_Given material:_
******************************
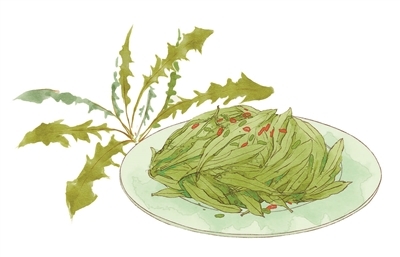 凉拌苦菜苦菜切去根部弃掉干叶,清洗干净,用手轻轻攥出水分后切成段。小碗中倒入适量生抽、陈醋、一勺白糖和少许盐,淋少许香油搅匀做成调料汁。可以根据个人口味,放一些炸花生米、豆腐干,或将皮蛋切成小块一起拌。
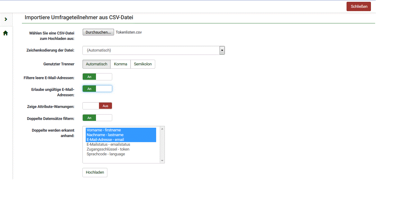Mit der Original-Datei wurden alle Datensätze importiert, aber die Token-Spalte blieb leer.
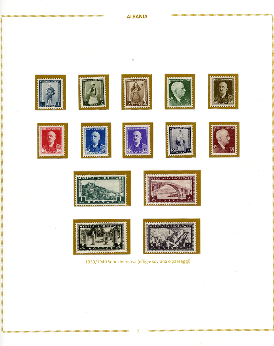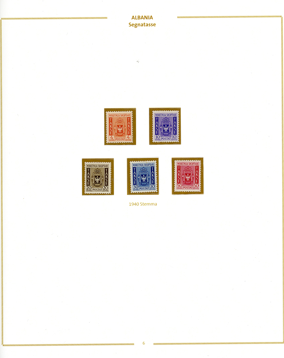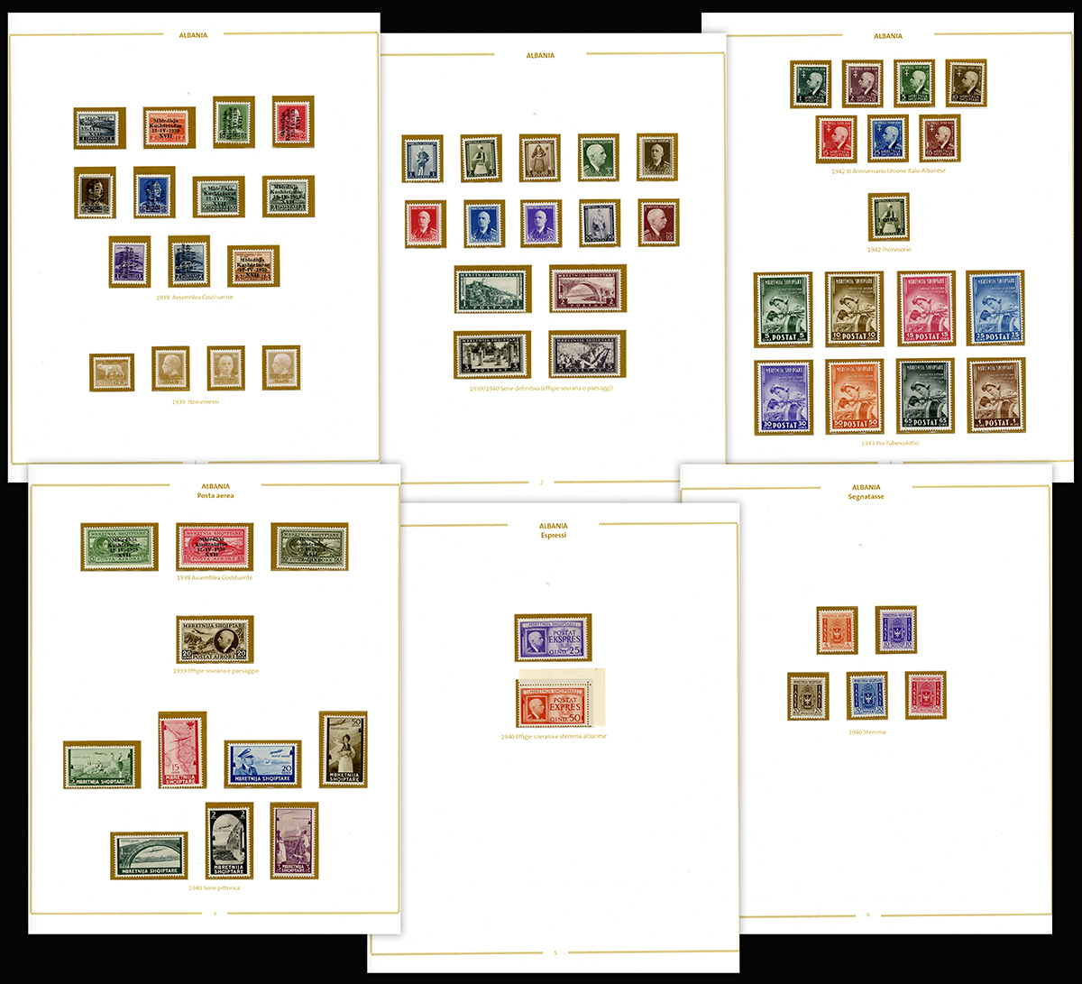 OCCUPAZIONE ITALIANA ALBANIA 1939/1943 - Collezione completa di francobolli e servizi del periodo, mancano solo i non emessi (12/15), nuovi, gomma originale integra, perfetti, in fogli d'album Bolaffi. Ottima qualità generale.
******************************
_What is needed:_ Exactly as written above, print every line of the data but not its pictures.

_Answer box:_
 凉拌苦菜苦菜切去根部弃掉干叶,清洗干净,用手轻轻攥出水分后切成段。小碗中倒入适量生抽、陈醋、一勺白糖和少许盐,淋少许香油搅匀做成调料汁。可以根据个人口味,放一些炸花生米、豆腐干,或将皮蛋切成小块一起拌。
Mit der Original-Datei wurden alle Datensätze importiert, aber die Token-Spalte blieb leer.
 OCCUPAZIONE ITALIANA ALBANIA 1939/1943 - Collezione completa di francobolli e servizi del periodo, mancano solo i non emessi (12/15), nuovi, gomma originale integra, perfetti, in fogli d'album Bolaffi. Ottima qualità generale.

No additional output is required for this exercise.